> [DATA SECTION]:
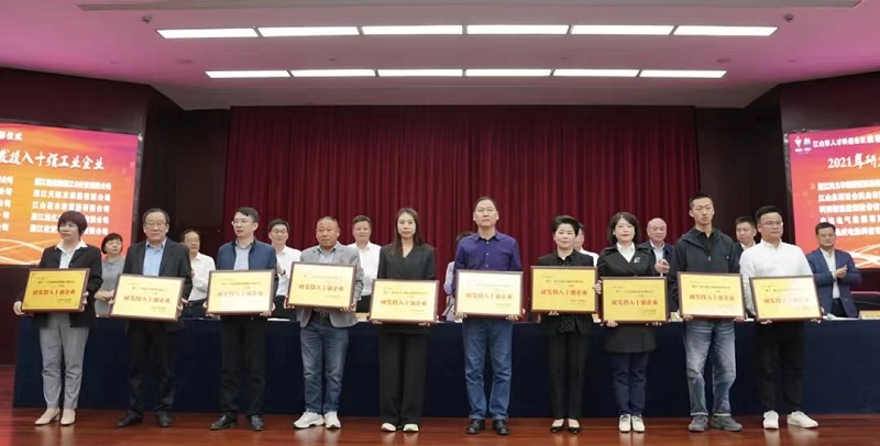我司榮獲江山市2021年研發投入十強工業企業榮譽稱號
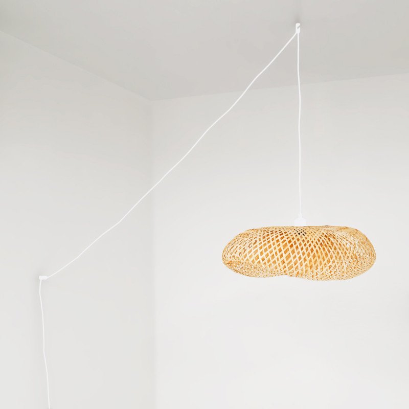Rattan hanging lamp "FREY" - With switch and plug - E27
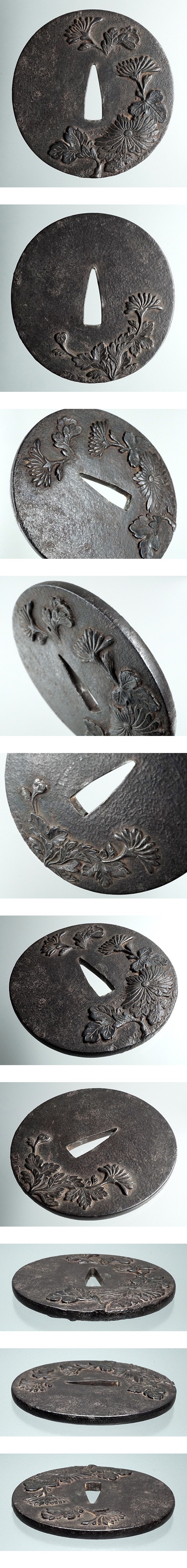 無銘 無櫃孔 85mm大鐔「菊枝花図」

> [WORK REQUIRED]:
Write out verbatim the lines from the one containing "Rattan hanging lamp" through the last line of the listing above, and no other lines; omit pictures.

> [RESPONSE TO THIS TASK]:
Rattan hanging lamp "FREY" - With switch and plug - E27
 無銘 無櫃孔 85mm大鐔「菊枝花図」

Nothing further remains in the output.